• Pain · Jan 1990

    Case Reports

    Central post-stroke pain--somatosensory evoked potentials in relation to location of the lesion and sensory signs.

    • H Holmgren, G Leijon, J Boivie, I Johansson, and L Ilievska.
    • Department of Clinical Neurophysiology, University Hospital, LinköpingSweden Department of Neurology, University Hospital, LinköpingSweden Department of Radiology, University Hospital, LinköpingSweden.
    • Pain. 1990 Jan 1; 40 (1): 43-52.

    AbstractSomatosensory evoked potentials (SEPs) were studied in 27 patients with central post-stroke pain and in 19 controls.
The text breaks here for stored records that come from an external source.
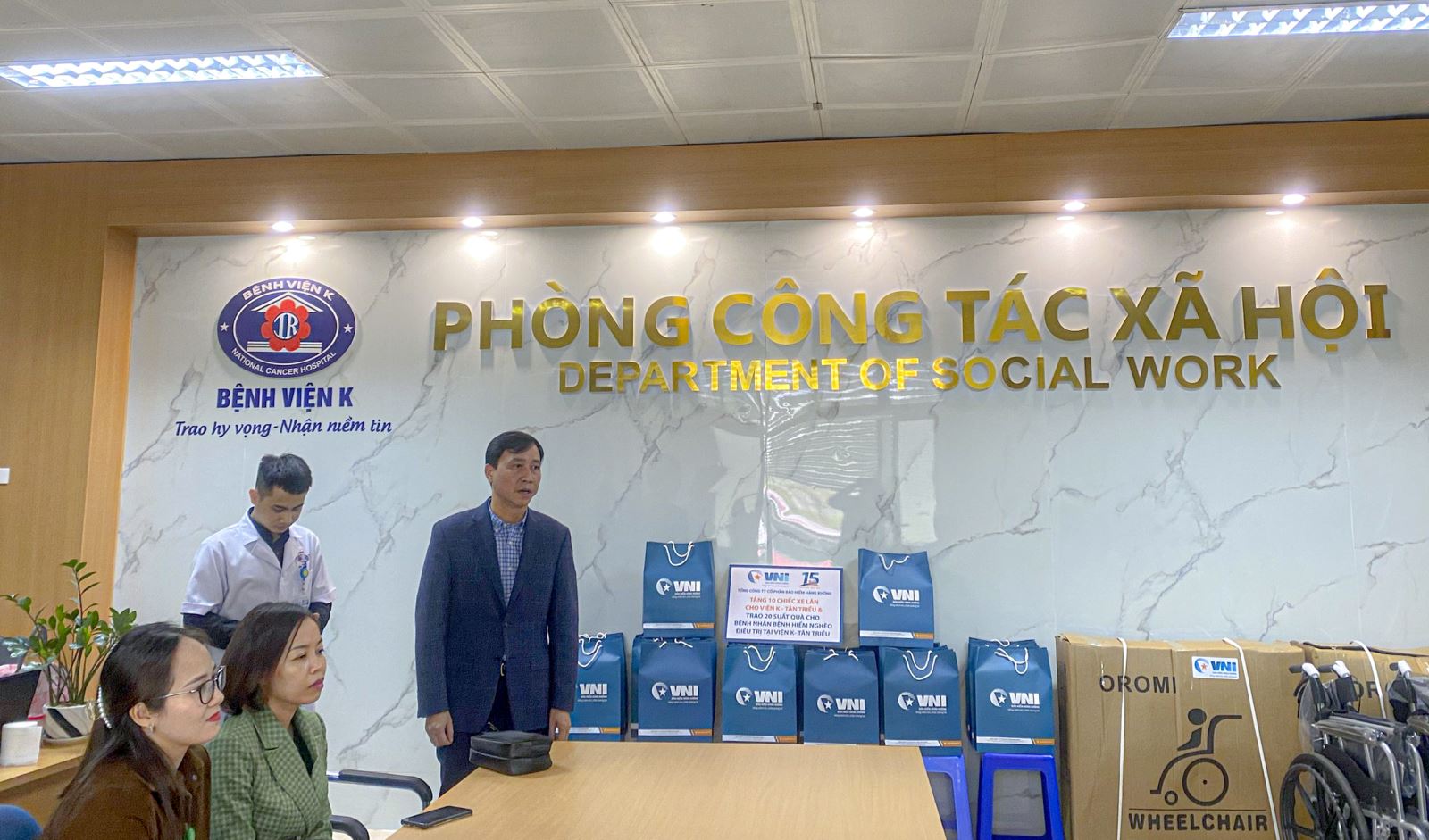 Phát biểu tại buổi lễ, Phó TGĐ Lê Mạnh Cường chia sẻ: Ngoài hoạt động kinh doanh, VNI luôn quan tâm đến hoạt động xã hội, cộng đồng thông qua nhiều chương trình ý nghĩa như chung tay cùng chính phủ trong công tác phòng chống covid, hiến máu nhân đạo, ủng hộ quỹ vì biển đảo Việt Nam, ủng hộ quỹ vì người nghèo, ủng hộ công tác an sinh xã hội cùng nhiều hoạt động thiện nguyện ý nghĩa khác. Phần quà trao lần này tuy nhỏ nhưng là tình cảm của CBNV VNI gửi đến Viện K cũng như bệnh nhân điều trị nơi đây với mong muốn đây là nguồn động viên, tiếp thêm động lực để các bệnh nhân nhanh khỏi bệnh, trở về đoàn tụ với người thân và gia đình.
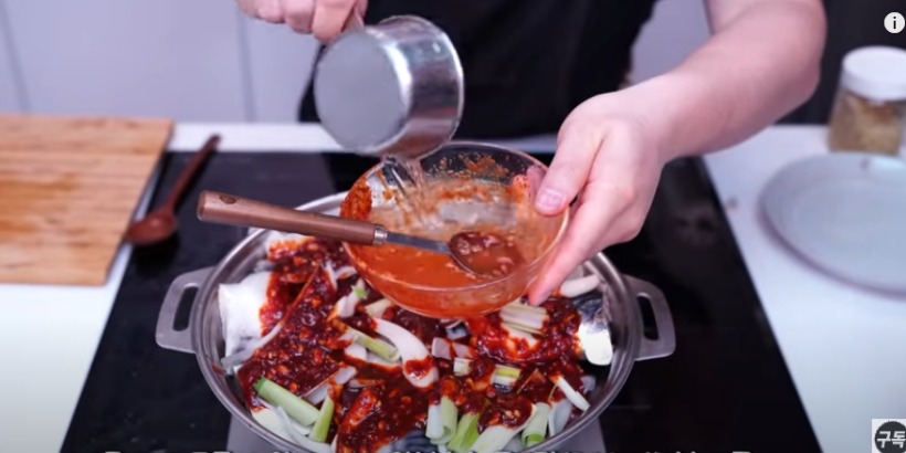 만든 양념장을 끼얹어주세요. 물 1컵을 양념장 그릇에 씻어 조림에 부어줍니다. 생선조림 불조절은 강불로 끓여 생선
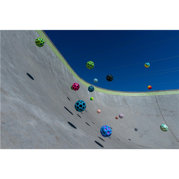 Månklotet är 63 mm stor och hoppar upp till 30 meter.
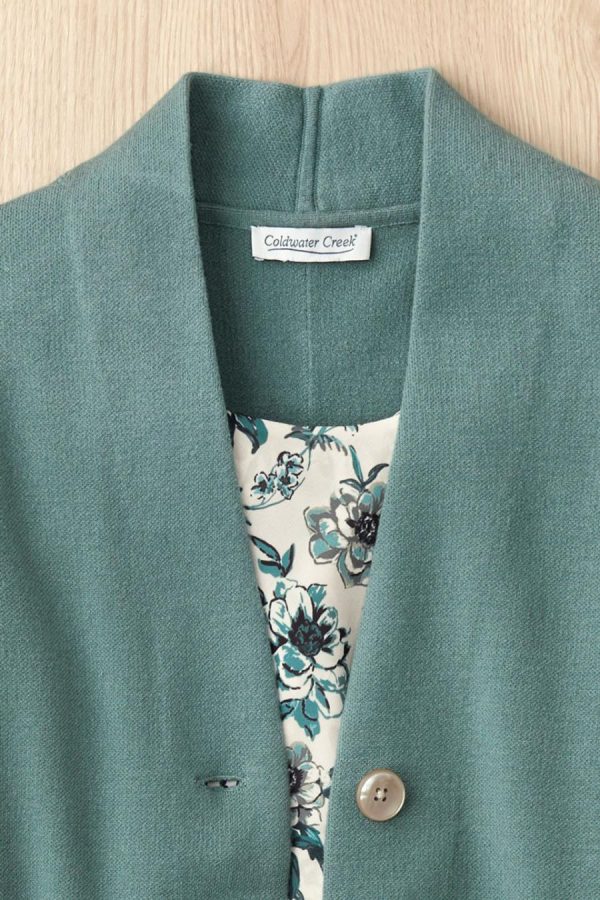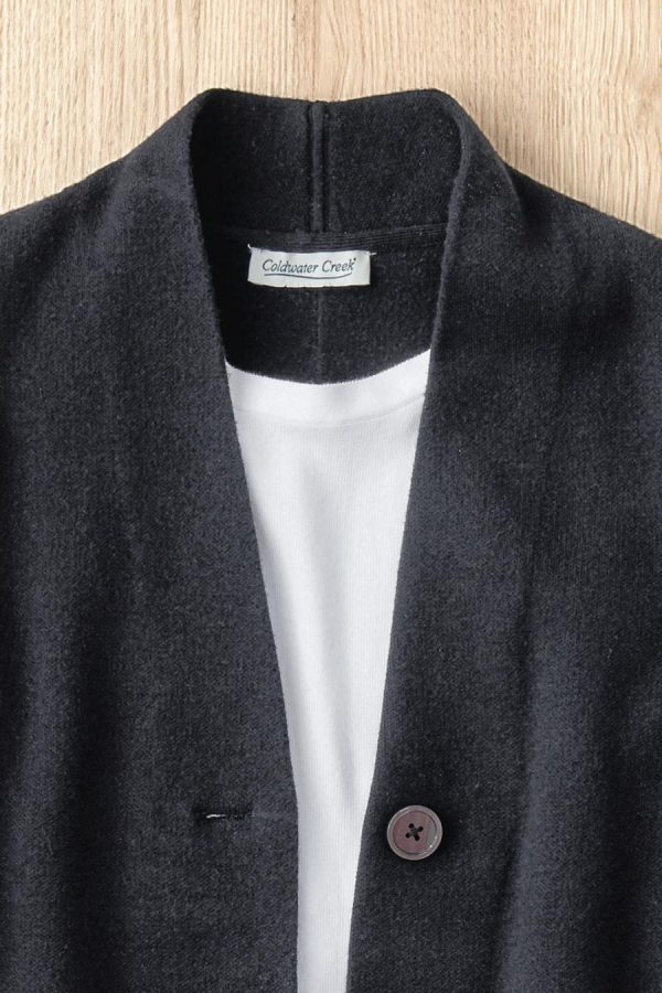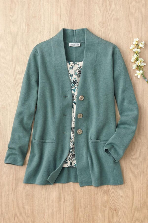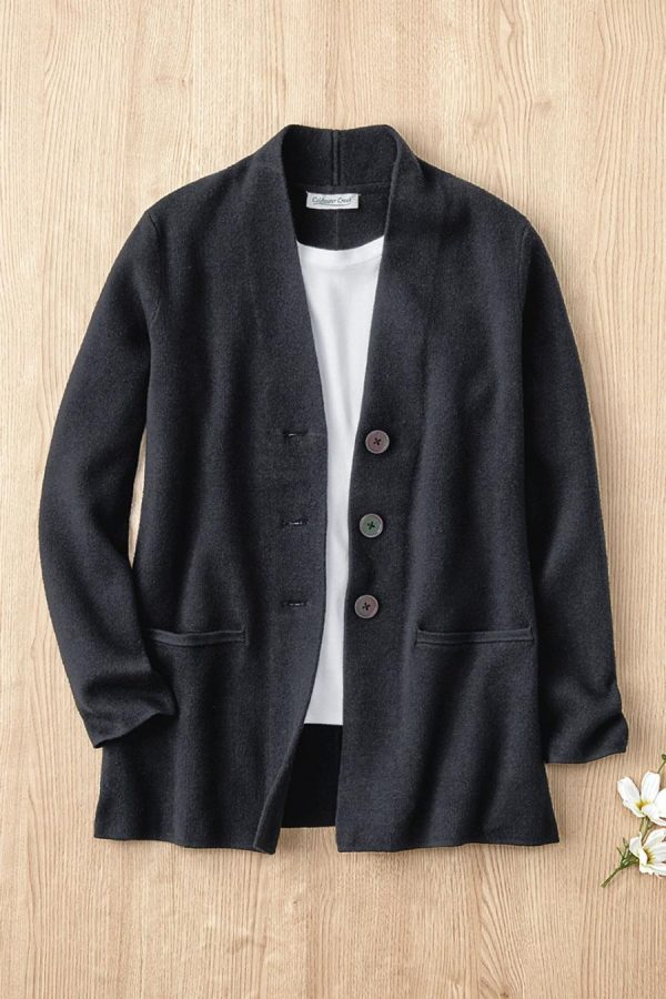 The perfect meeting of jacket and cardigan… softly structured yet relaxed, with fabulous versatility. Fine-gauge sweater knit offers comfortable stretch, with a 3-button front and shawl collar. Midweight with dropped shoulders, center back seam, welt pockets.

A scoring system for SEP was used, in which increasing abnormalities rendered increasing scores. SEPs evoked by electrical stimulation of the median and tibial nerves were compared to perception thresholds for touch, vibration, innocuous and noxious temperature. All patients had reduced temperature sensibility, while the threshold for touch and vibration was abnormal in only 52% and 41%, respectively. Decreased touch and vibration sensibility had a high correlation with high SEP scores, while no correlation was found between reduced temperature sensibility and SEP. The patients with thalamic lesions had the most severely affected SEPs, the ones with lower brain-stem lesions were the least affected. The results support the notion that the SEP is dependent on the lemniscal pathways and that lesions of the spinothalamic pathways are crucial for the development of CPS.